Let's say the Fed can influence long-term rates. The long bond price depends on expectations. I don't buy any of them when long-term rates are going up -- which I expect as long as the world-wide capital shortage lasts and the world-wide tech stock boom continues. Short-term rates are controlled not by expectations but by reality. If a bank needs reserves to meet the daily fed requirements, it must sell (or repo) some of its short-term federal paper or fed funds (other banks' reserves). It has no choice. It simply must. It can't afford to care what the market interest rate may be. In a sustained demand for reserves, it may tickle its short-term or even long-term investments. Ordinarily, it trades reserves and short-term treasury paper. The short-term rate is the result of this higgling in the market. When the fed wants to tighten, it sells Treasuries (always short) and slops up liquidity. When it wants to expand the money supply, it buys Treasuries, and this affects the Fed Funds rate. But remember, the Fed usually has no short-term or long-term interest rate targets. It has soft monetary targets. Read their minutes.
One never sees the 30 bond in the fed's calculations. Officially, the fed doesn't care (at least since 1951 except for a brief period in the sixties. What it is is what it is.
Now amazingly, bond traders have a range of T-30 yields available. If one consistently buys the highest yield 25yr-to-30yr bond, and sells the lowest yields he can beat the 30 year yield by up to 10 basis points. Done daily, one can live on this with a modest bond portfolio and eat beefsteak everyday. That's one way the big guys make their billions. The "slightly used bonds" are magic. I am not ready to mess with them again because of my long-term views, but if th time ever comes, you need to understand this. Note that you can margin bonds up to 90 percent of their value, thus control a million with $100,000. Miss a turning point and you are dead, but ride the curve and bring in mucho dinero. That's how the big traders in Chicago make their bread (but they are margined 100 per cent) by their sponsors.
These guys in the bond pit generate the bond yield. Yet they claim they are mere observers of the passing crowd.

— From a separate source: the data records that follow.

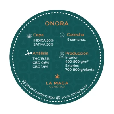 Cultivar Onora te sorprenderá. Su crecimiento es explosivo, con una estructura ramificada y entrenudos cortos, que se cargarán de exquisitas flores en 8 semanas. Su efecto es placentero, meloso y sociable. Definitivamente una variedad a conocer!
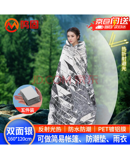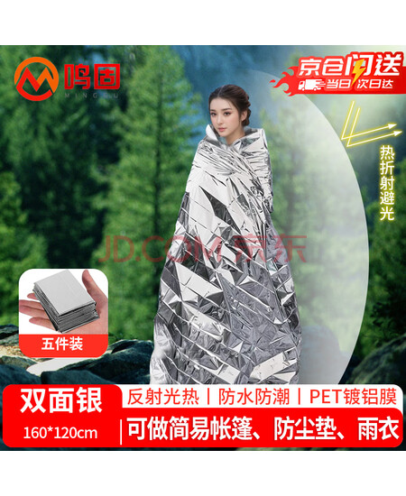 鸣固 急救毯 保温毯室外应急垫地震救生毯 双面救生毯 保温 防晒 双面银色160*210cm 5件装 CW142016
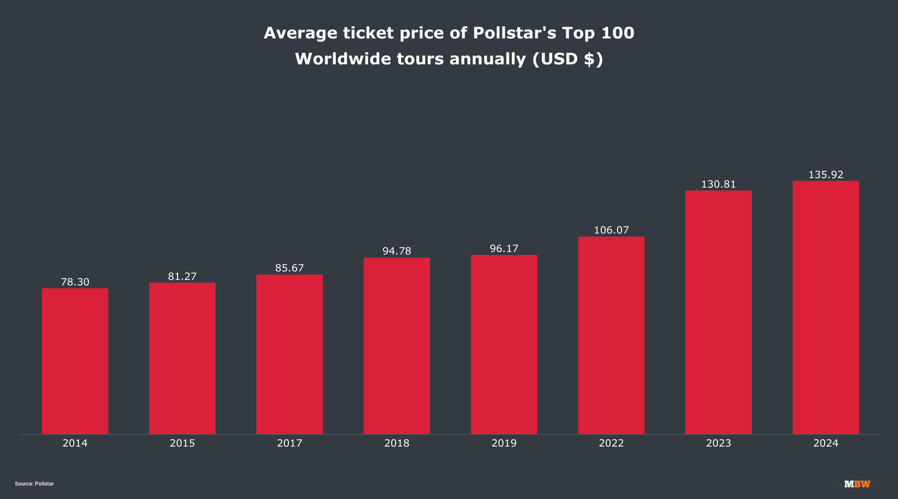 Within this data, Pollstar lists the Top 100 Worldwide tours by total revenue from the year. And from this data, Pollstar calculates the average ticket price to these shows (which, by their nature, will be at the blockbuster-end of the live circuit).
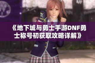《地下城与勇士手游DNF勇士称号初获取攻略详解》
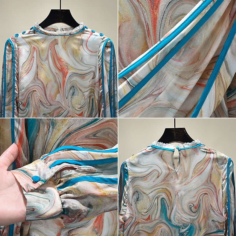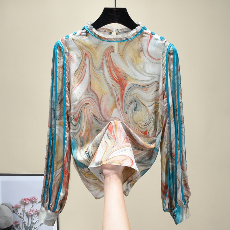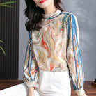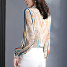 Long-Sleeved Chiffon Blouse with Geometric Pattern and Button Decoration
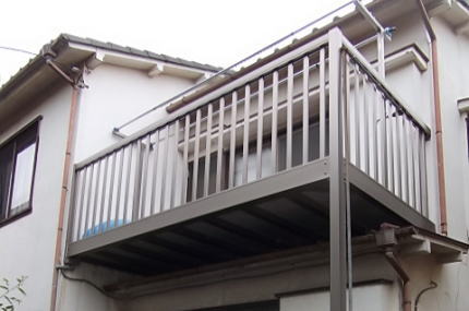 2階以上の戸外に張り出した、屋根が付いていない空間
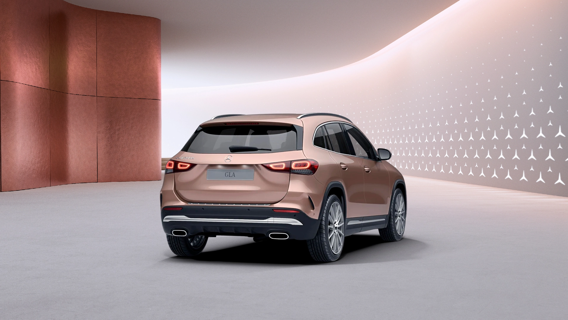 La Mercedes GLA di colore Rosé Gold si caratterizza anche per gli interni in pelle nera e i cerchi AMG da 20 pollici multirazze. La GLA nel colore Blue Denim, invece, offre interni in pelle marrone e cerchi AMG da 20 pollici multirazze. Nella versione di colore Rosso Patagonia MANUFAKTUR, troviamo anche interni in ARTICO/tessuto e cerchi in lega AMG da 20 pollici multirazze verniciati in nero e torniti con finitura a specchio.

A modern example of the miracle of loaves and fishes.
Obviously the outcomes are the result of many interacting forces. The Treasury spends and refunds (always trying to stretch out the maturity of the debt). The fed moves the money supply according to their notion of the economy's needs. The businesses borrow long if it is cheap, or the funding margin is high, or sulk if the interest rate is too high. Most of the big techs owe nothing long, except the concessionary economic development bonds used to bribe them into locating in Puerto Rico or Oregon, or some such place. The Japanese and Americans play at the yen-carry trade -- hedged when it pays, or unhedged when they must. (The Japanese own on the average 25% of the net U.S. public debt.) The SSTF gobbles up debt voraciously. Hedge funds play Russian dollar debt. Brady bonds and agency bonds surve and wane, paying always a premium. Wall Street securitizes everything it can, and dumps the results on the bored public. About 2000 equations should do for a sector model.
More and more financial institutions have said bonds are too dangerous to play with, and have moved maximally into S&P-like Index funds. But the temptation to overweight the big techs is powerful. Every investor wants just a little more the the Four Horsemen than the S&P 500 discipline allows. So they buy more, and purchase non-market puts from the companies.
So the damned thing rolls on! Uncomprehended. Fussed at. Manipulated. Worried over. A mighty engine to power the world. A mystery! Yowzah!